(DATA SHOWN):
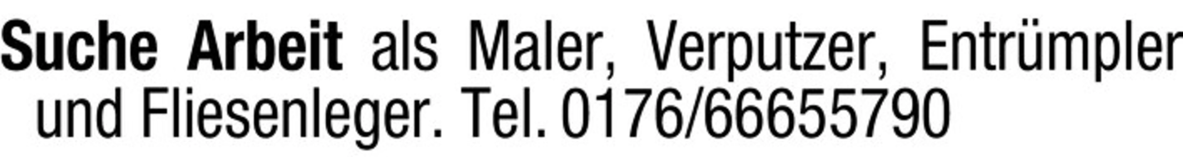 Suche Arbeit als Maler, Verputzer, Enttrümmler und Fliesenleger.
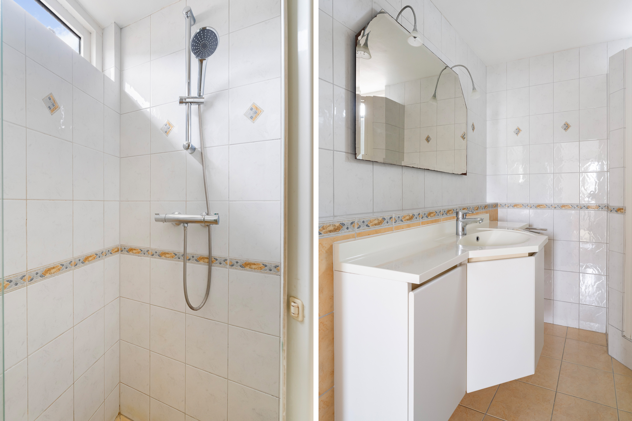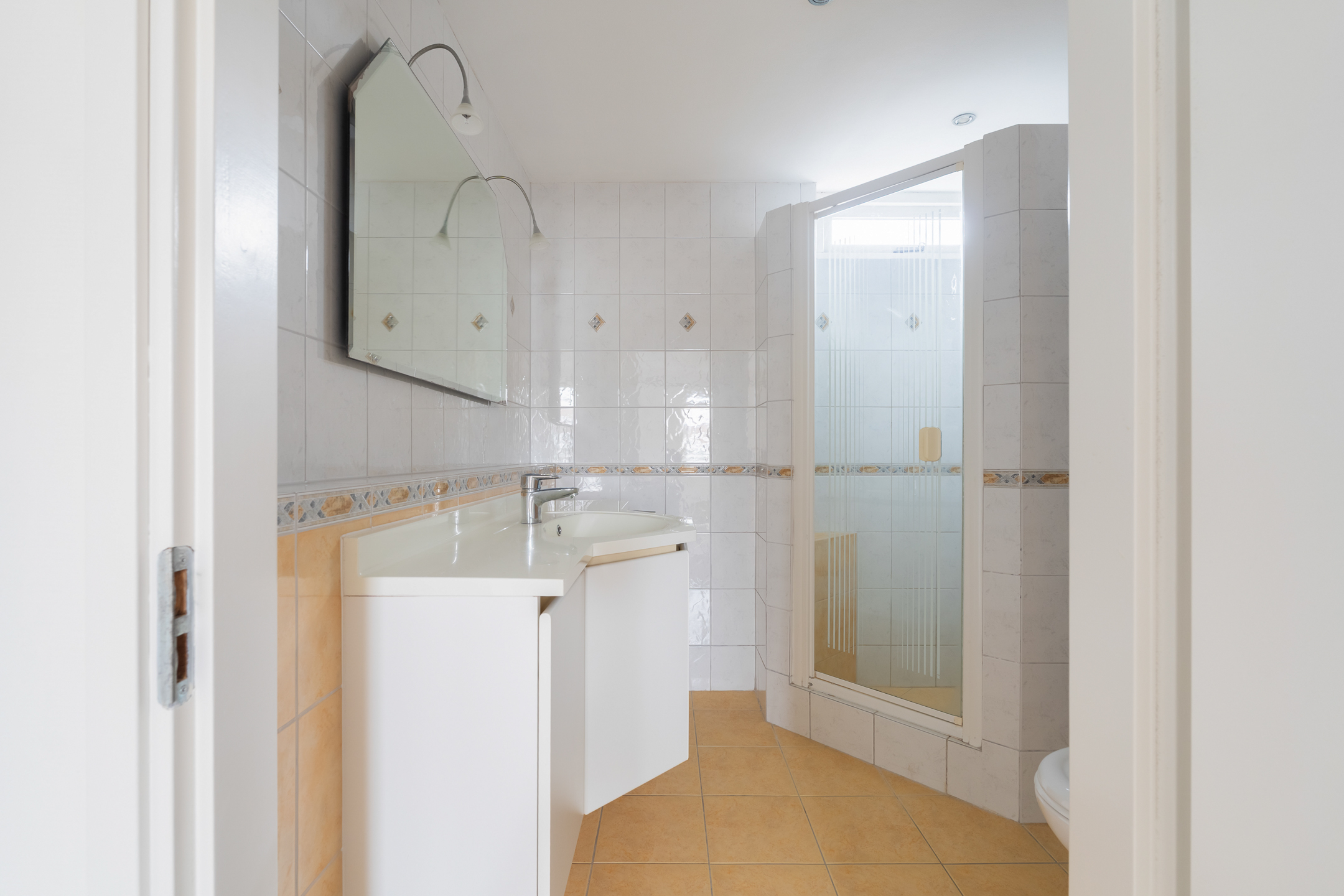 - Geheel betegelde badkamer met douchehoek, wastafelmeubel, 2e toilet en elektrische vloerverwarming.
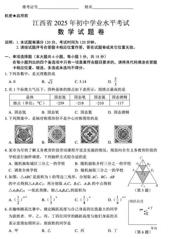 本文標題:2025年江西中考數學試卷及參考答案@中考生,快來測一測適合報考的學校吧!
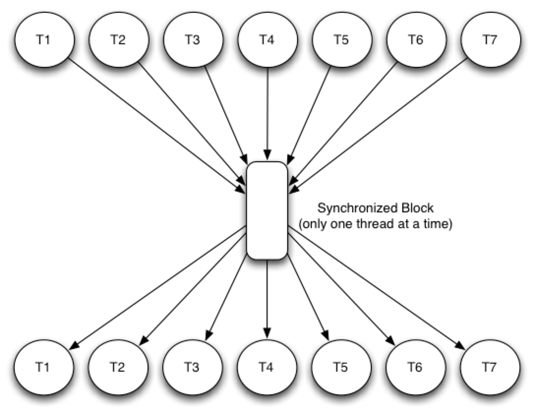 我們有七個線程,都需要訪問一段同步代碼塊,所以它們依次獲得權(quán)限訪問該代碼塊,執(zhí)行其功能,然后繼續(xù)。
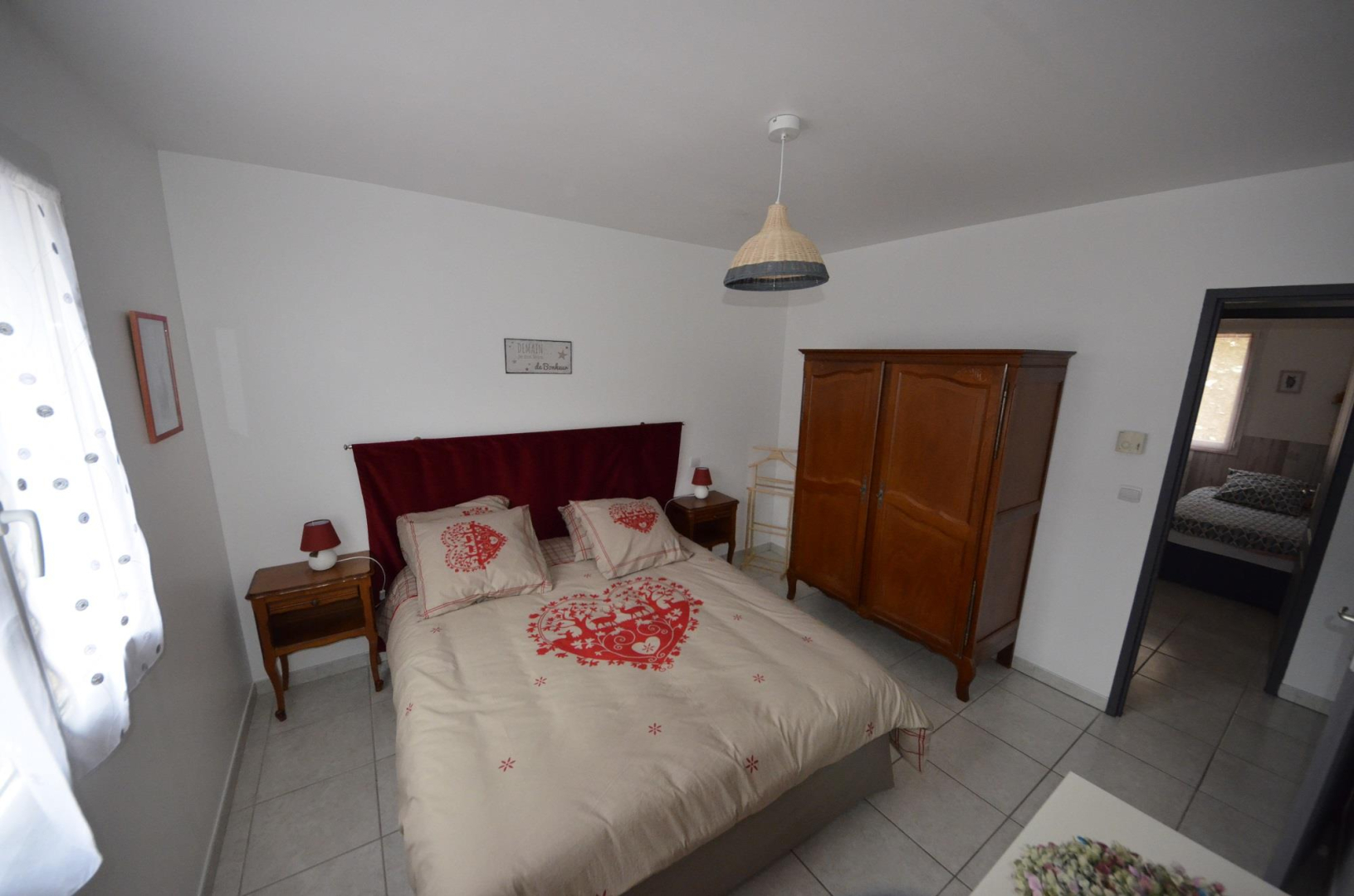 The l’Embellie gîte is set back from the road, giving you peace and quiet. It is on the first floor of a house with a basement, tastefully furnished, comfortable and bright. Access is via a large outside staircase. Large living/dining room with direct access to the terrace, fitted kitchen. There are 5 bedrooms: 3 bedrooms (1 double bed: 2 160cm beds and 1 140cm bed). One bedroom has its own private shower room. 1 bedroom (2 single beds side by side) and 1 bedroom (1 single bed). 1 office or reading room, 1 bathroom, 2 separate WCs. The enclosed, private outdoor area has a dining area with barbecue. Enclosed private parking. Garage available for storage (e.g. bikes or skis). From the gîte, you can hike at your leisure along well-maintained, perfectly signposted paths. The most beautiful walks await you to discover a particularly rich fauna and flora.
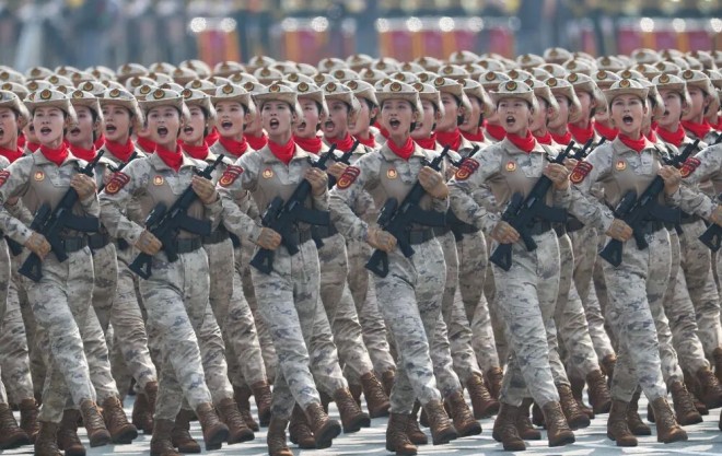 民兵方隊英姿颯爽,受閱女民兵來自當年全國主要抗日根據地。
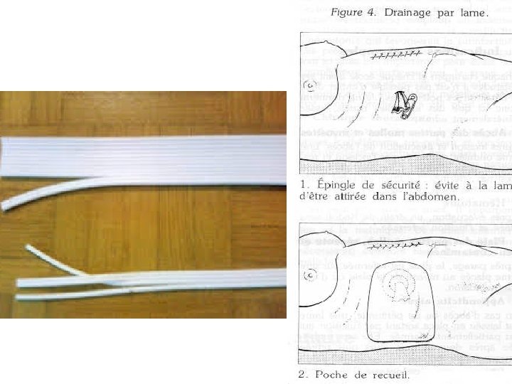 Drainage passifs : A/ Par capillarité 1) Les lames – Souvent : abcès, chirurgie digestive, péritonite, appendicite, permettant le drainage des sérosités abdominales. – o Fixées avec un fil, avec une épingle à nourrice pour éviter qu’elle n’ « entre » . – o Au moment où l’on enlève le pansement, être méticuleux de façon à ne pas enlever la lame avec.
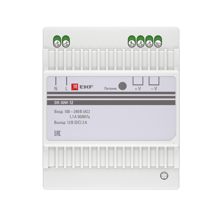 Блоки питания серии DR напряжениями 5/12/24/48 В, EKF устанавливаются на DIN рейку и предназначены для преобразования входного переменного напряжения 100-240 В в постоянное стабилизированное напряжение 5,12,24 или 48 Вольт.
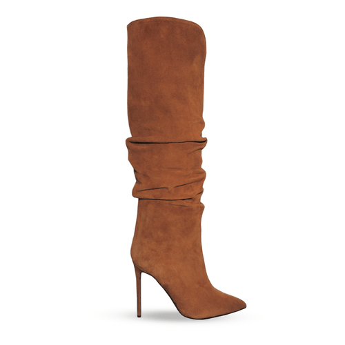 Pointed toe knee-high boot in suede with 100mm or 120mm stiletto heel

(WORK REQUIRED):
Print the entire listing above verbatim. No picture should be included.

(ANSWER SECTION):
 Suche Arbeit als Maler, Verputzer, Enttrümmler und Fliesenleger.
 - Geheel betegelde badkamer met douchehoek, wastafelmeubel, 2e toilet en elektrische vloerverwarming.
 本文標題:2025年江西中考數學試卷及參考答案@中考生,快來測一測適合報考的學校吧!
 我們有七個線程,都需要訪問一段同步代碼塊,所以它們依次獲得權(quán)限訪問該代碼塊,執(zhí)行其功能,然后繼續(xù)。
 The l’Embellie gîte is set back from the road, giving you peace and quiet. It is on the first floor of a house with a basement, tastefully furnished, comfortable and bright. Access is via a large outside staircase. Large living/dining room with direct access to the terrace, fitted kitchen. There are 5 bedrooms: 3 bedrooms (1 double bed: 2 160cm beds and 1 140cm bed). One bedroom has its own private shower room. 1 bedroom (2 single beds side by side) and 1 bedroom (1 single bed). 1 office or reading room, 1 bathroom, 2 separate WCs. The enclosed, private outdoor area has a dining area with barbecue. Enclosed private parking. Garage available for storage (e.g. bikes or skis). From the gîte, you can hike at your leisure along well-maintained, perfectly signposted paths. The most beautiful walks await you to discover a particularly rich fauna and flora.
 民兵方隊英姿颯爽,受閱女民兵來自當年全國主要抗日根據地。
 Drainage passifs : A/ Par capillarité 1) Les lames – Souvent : abcès, chirurgie digestive, péritonite, appendicite, permettant le drainage des sérosités abdominales. – o Fixées avec un fil, avec une épingle à nourrice pour éviter qu’elle n’ « entre » . – o Au moment où l’on enlève le pansement, être méticuleux de façon à ne pas enlever la lame avec.
 Блоки питания серии DR напряжениями 5/12/24/48 В, EKF устанавливаются на DIN рейку и предназначены для преобразования входного переменного напряжения 100-240 В в постоянное стабилизированное напряжение 5,12,24 или 48 Вольт.
 Pointed toe knee-high boot in suede with 100mm or 120mm stiletto heel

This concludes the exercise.